-- Extracted data follows --
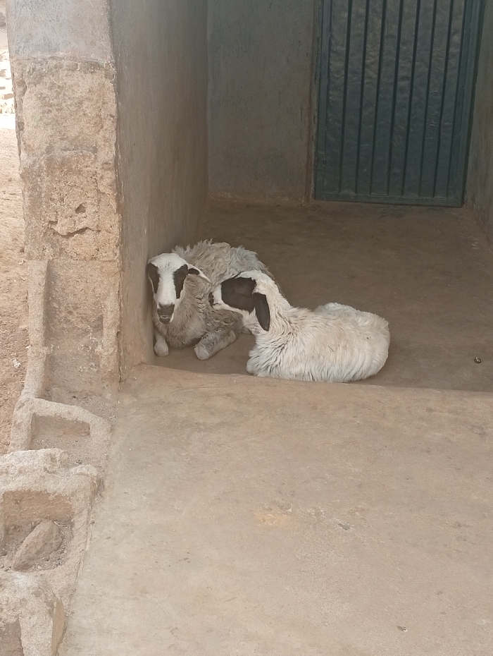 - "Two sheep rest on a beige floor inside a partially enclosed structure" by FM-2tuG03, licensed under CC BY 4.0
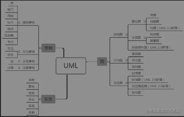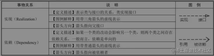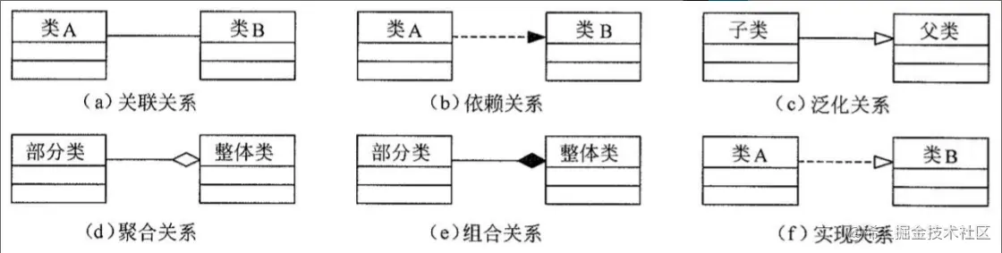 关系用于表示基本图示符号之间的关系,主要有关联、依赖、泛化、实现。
-- Extracted data concluded --
-- Extracted data follows --
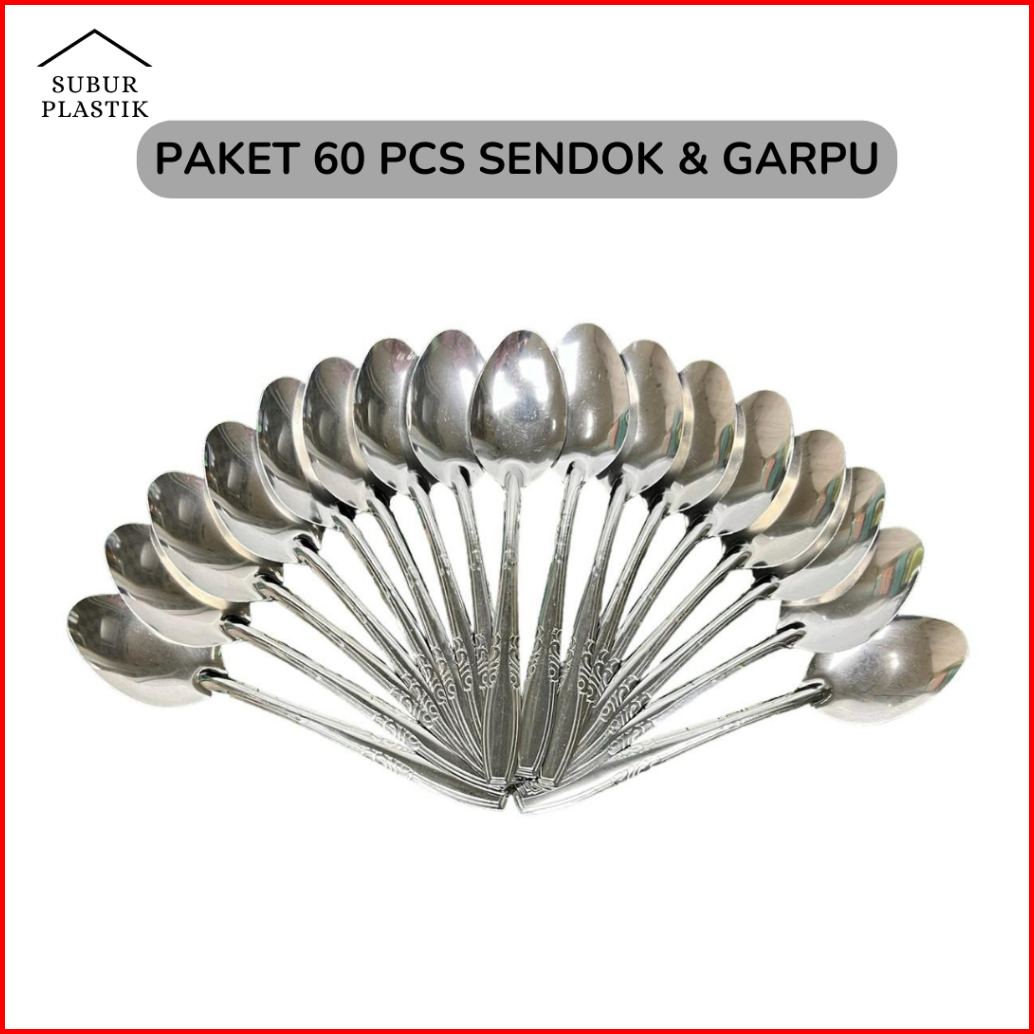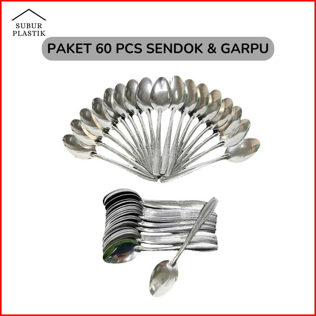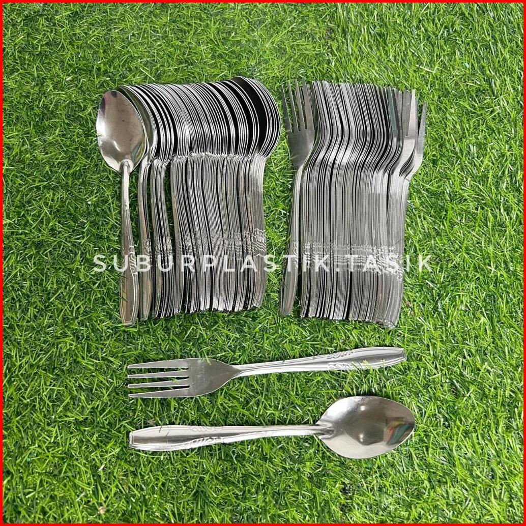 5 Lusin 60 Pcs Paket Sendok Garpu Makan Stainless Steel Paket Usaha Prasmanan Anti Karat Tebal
-- Extracted data concluded --
**Exercise aim**
In the records above, find the line with "under CC BY 4.0" and the line with "关系用于表示基本图示符号之间的关系,主要有关联、依赖、泛化、实现。". Write out exactly those lines and every one between, with no pictures and no other lines.

**Solution to the problem**
 - "Two sheep rest on a beige floor inside a partially enclosed structure" by FM-2tuG03, licensed under CC BY 4.0
 关系用于表示基本图示符号之间的关系,主要有关联、依赖、泛化、实现。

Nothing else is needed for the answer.